■ **WHAT THIS TASK INVOLVES**: Could you transcribe exactly the lines below, from the line with "Caso queira fazer" through the line with "علی منذری. [ ع", and nothing else, leaving out the pictures?

■ **GIVEN INFORMATION**:
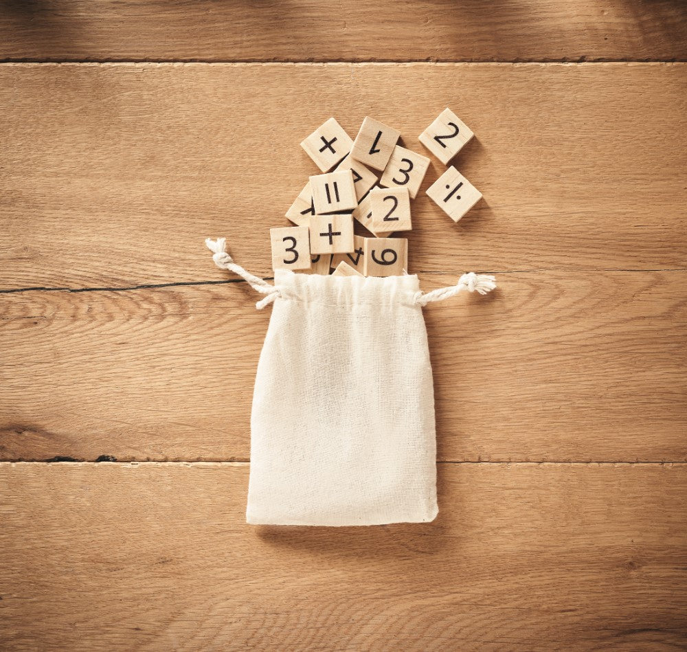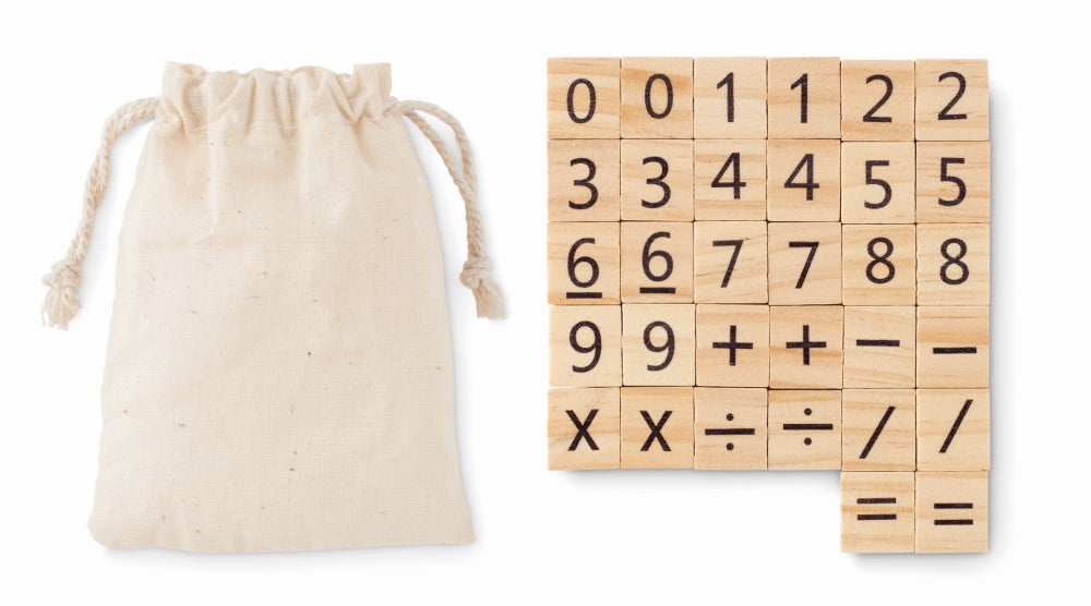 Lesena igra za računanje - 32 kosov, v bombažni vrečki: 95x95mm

--

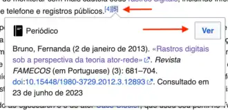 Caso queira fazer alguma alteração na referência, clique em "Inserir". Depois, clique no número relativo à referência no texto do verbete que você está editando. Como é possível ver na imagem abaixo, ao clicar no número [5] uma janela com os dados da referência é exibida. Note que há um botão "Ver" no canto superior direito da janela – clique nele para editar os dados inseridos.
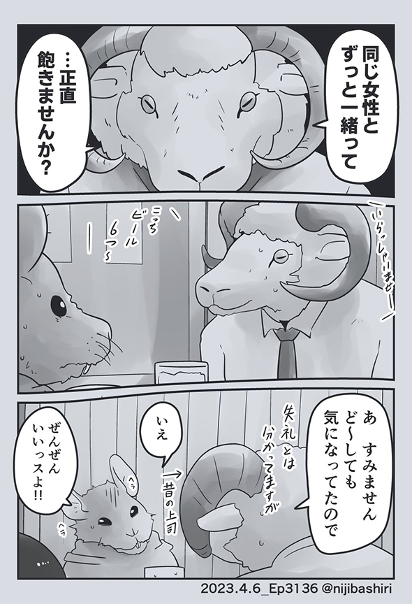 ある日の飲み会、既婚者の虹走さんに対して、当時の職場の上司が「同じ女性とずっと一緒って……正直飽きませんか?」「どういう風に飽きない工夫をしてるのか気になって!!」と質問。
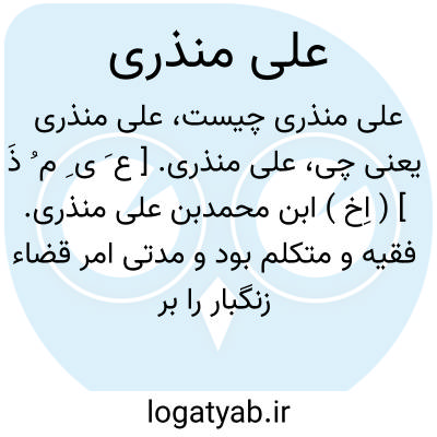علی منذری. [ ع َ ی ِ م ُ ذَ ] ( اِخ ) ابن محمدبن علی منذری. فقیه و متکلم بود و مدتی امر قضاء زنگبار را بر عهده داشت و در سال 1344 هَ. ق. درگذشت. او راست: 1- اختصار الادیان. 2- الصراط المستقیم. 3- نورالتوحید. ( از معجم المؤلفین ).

■ **EXERCISE ANSWER**:
 Caso queira fazer alguma alteração na referência, clique em "Inserir". Depois, clique no número relativo à referência no texto do verbete que você está editando. Como é possível ver na imagem abaixo, ao clicar no número [5] uma janela com os dados da referência é exibida. Note que há um botão "Ver" no canto superior direito da janela – clique nele para editar os dados inseridos.
 ある日の飲み会、既婚者の虹走さんに対して、当時の職場の上司が「同じ女性とずっと一緒って……正直飽きませんか?」「どういう風に飽きない工夫をしてるのか気になって!!」と質問。
علی منذری. [ ع َ ی ِ م ُ ذَ ] ( اِخ ) ابن محمدبن علی منذری. فقیه و متکلم بود و مدتی امر قضاء زنگبار را بر عهده داشت و در سال 1344 هَ. ق. درگذشت. او راست: 1- اختصار الادیان. 2- الصراط المستقیم. 3- نورالتوحید. ( از معجم المؤلفین ).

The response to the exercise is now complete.